Tre tappe opponibili a breve termine
Secondo il comunicato della Commissione europea (IP/26/1102), la presentazione pubblica del veicolo è programmata il 3 giugno 2026, in occasione dell'EIC Summit, e i primi investimenti del fondo devono intervenire nell'autunno 2026, senza calendario di dispiegamento più preciso comunicato a questo stadio.

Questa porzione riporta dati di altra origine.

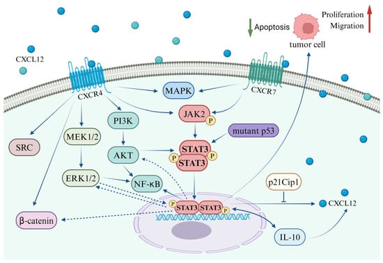 The expression of CXCL12 is also modulated by the STAT3 signaling pathway. Activated STAT3, by upregulating CXCL12, promotes tumor cell migration. Immunosuppressive cytokines (such as IL-10, PD-L1, and TGF-β) activate the STAT3 signaling pathway, leading to tumor immune suppression and epithelial–mesenchymal transition. Consequently, CXCL12 expression is enhanced in primary tumors [132]. In related studies involving fibroblasts, both aging and p53 mutations activate the STAT3 pathway in fibroblasts, leading to increased secretion of CXCL12. This induction of CXCL12 contributes to the acquisition of cancer-associated fibroblast (CAF) characteristics, ultimately promoting tumor growth and metastasis [133,134].

Il pacchetto sovranità tecnologica CADA/Chips Act 2, già posticipato due volte, è annunciato per il 27 maggio 2026, ovvero il giorno immediatamente successivo alla designazione di EQT e una settimana prima dell'EIC Summit del 3 giugno. La sequenza ristretta dà al soggetto una finestra pubblica di circa otto giorni tra l'annuncio del gestore e la prima presentazione istituzionale del fondo.
L'occhio ActuIA: Il paradosso merita di essere nominato. La Francia ha passato sei anni a costruire l'iniziativa Tibi, che ha impegnato oltre 15 miliardi di euro di capitale istituzionale francese verso la tecnologia, e sta già preparando Tibi 3 con un'ambizione esplicitamente paneuropea per il 2027-2030, come dettaglia Sifted in aprile 2025. Nel momento in cui Bruxelles assembla il primo veicolo da 5 miliardi di euro allineato alla diagnosi Draghi - 5% del capitale di rischio mondiale raccolto nell'UE contro il 52% negli Stati Uniti, rapporto di settembre 2024 - non un solo LP francese è al tavolo fondatore. Né AXA, né Crédit Agricole Assurances, né la CDC, né Bpifrance. L'analisi del Jacques Delors Centre indicava già nel montaggio il rischio di un fondo che finanziasse obiettivi senza co-costruire la governance con gli ecosistemi nazionali. Per i DAF di scale-up Serie B-C francesi: il capitale rimane accessibile, ma l'arbitraggio settoriale si giocherà d'ora in poi a Stoccolma. Sorvegliare al 3 giugno se la presentazione EIC annuncia un comitato consultivo nazionale, senza di esso, Tibi 3 dovrà costruire il suo ancoraggio europeo senza rendita di anteriorità.